Schulman’s compensation arrangements were set in accordance with the directors’ remuneration policy approved by shareholders, Burberry said.

His salary will be £1.2m a year and he will be eligible for a target bonus of 100 per cent of salary and a maximum of 200 per cent of salary and a Burberry share plan award of 162.5 per cent of salary.

Akeroyd, who joined Burberry from Versace two years ago and later hired Lee as creative director, will not be eligible for a bonus for the current financial year, and any unvested stock awards will expire in full.

Asked about the company’s future strategy and whether Lee will remain in his role, Murphy said: “Daniel is not going anywhere. He is looking forward to working with Josh. They have already spoken and will meet later this week. So there is no change in terms of creative direction,” he said.

Murphy also stressed that Burberry had no intention of becoming the British coach, even though it had hired the former CEO of the American brand.

“Josh’s background is actually much closer to luxury than anything else, and he has a very clear vision that Burberry is a true luxury brand and has spectacular potential in what Jonathan has called ‘modern British luxury’.

“Burberry has no intention of changing its ambition, or becoming a British Coach. This is not to denigrate Coach in any way, it’s just a different business,” he said, adding that Burberry also had no ambitions to become a British Louis Vuitton.

Murphy added that Burberry made the change in direction due to a number of factors.

“Our strategy has been pretty consistent for a while, but in hindsight, in a weak market, we may have gone a little too far, too fast, with a creative shift at a time when customers are feeling a little more challenged and a little more conservative in sampling new products, particularly new units at higher price points,” he said.

He stressed that Burberry’s shift to focus on more recognizable, classic items and outerwear was not a sign that the brand was changing direction or becoming more mainstream.

“It’s not about lowering prices, it’s about making sure we have a product that people want at prices that are acceptable to them at Burberry,” Murphy said, adding that there will be higher prices in the future for goods “with more innovation, design content and more expensive materials.”

“It’s about creating a more inclusive and democratic brand, not about cutting prices or changing strategy. It’s about rebalancing the brand so people can get what they want from Burberry.”

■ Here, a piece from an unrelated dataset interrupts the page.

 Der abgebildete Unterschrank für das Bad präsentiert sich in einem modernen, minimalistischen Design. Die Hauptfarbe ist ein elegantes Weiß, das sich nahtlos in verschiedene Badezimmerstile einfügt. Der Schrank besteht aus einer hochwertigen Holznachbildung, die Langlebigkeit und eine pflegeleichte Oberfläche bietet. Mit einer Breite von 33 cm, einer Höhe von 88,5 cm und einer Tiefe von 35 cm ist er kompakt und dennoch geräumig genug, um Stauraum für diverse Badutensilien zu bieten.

Schulman’s appointment closes a very short chapter for Akeroyd, who joined Burberry in 2022 from Versace, which is owned by Capri Holdings. Prior to joining Versace, Akeroyd was CEO of Alexander McQueen, having started his career at Harrods.

Less than two years ago, Akeroyd outlined his plan to take Burberry even further upmarket to compete with brands such as Dior, Louis Vuitton and Gucci.

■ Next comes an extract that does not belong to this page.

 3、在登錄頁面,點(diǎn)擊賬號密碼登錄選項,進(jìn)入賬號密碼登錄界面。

He projected revenue growth of £4bn in the medium term and £5bn in the long term, at constant exchange rates, and with “good” margin growth.

His new vision included “a refocusing on British identity”, a doubling of sales of leather goods, footwear and women’s ready-to-wear, and 50% growth in outerwear in the medium term.

Another ambition for Akeroyd was to develop accessories so that they represent more than 50% of the group’s sales in the medium term.

These projects came with high price tags on merchandise: £2,000 for the medium-sized Rocking Horse shoulder bag; £2,000 for a long gabardine trench coat; and £690 for a pair of Check Knit Box sneakers.

While the prices may seem normal in the luxury goods sector, they have shocked many long-time British customers and non-fashion institutional investors, who see Burberry as a heritage brand that should grow through sales of classic products at affordable prices.

Akeroyd was also counting on Lee, whose bags and accessories have been a runaway success at Bottega Veneta, to deliver best-sellers, but they have yet to see the light of day.

That strategy might have worked in another era, but with China (historically one of Burberry’s biggest markets) still cautious about spending and US demand tepid, it has hurt the stock price and hampered sales.

It will now be up to Schulman, Burberry’s fourth CEO in seven years, to reposition the brand to generate profits, unlock dividend payments and restore the brand to its former glory as a leading purveyor of outerwear.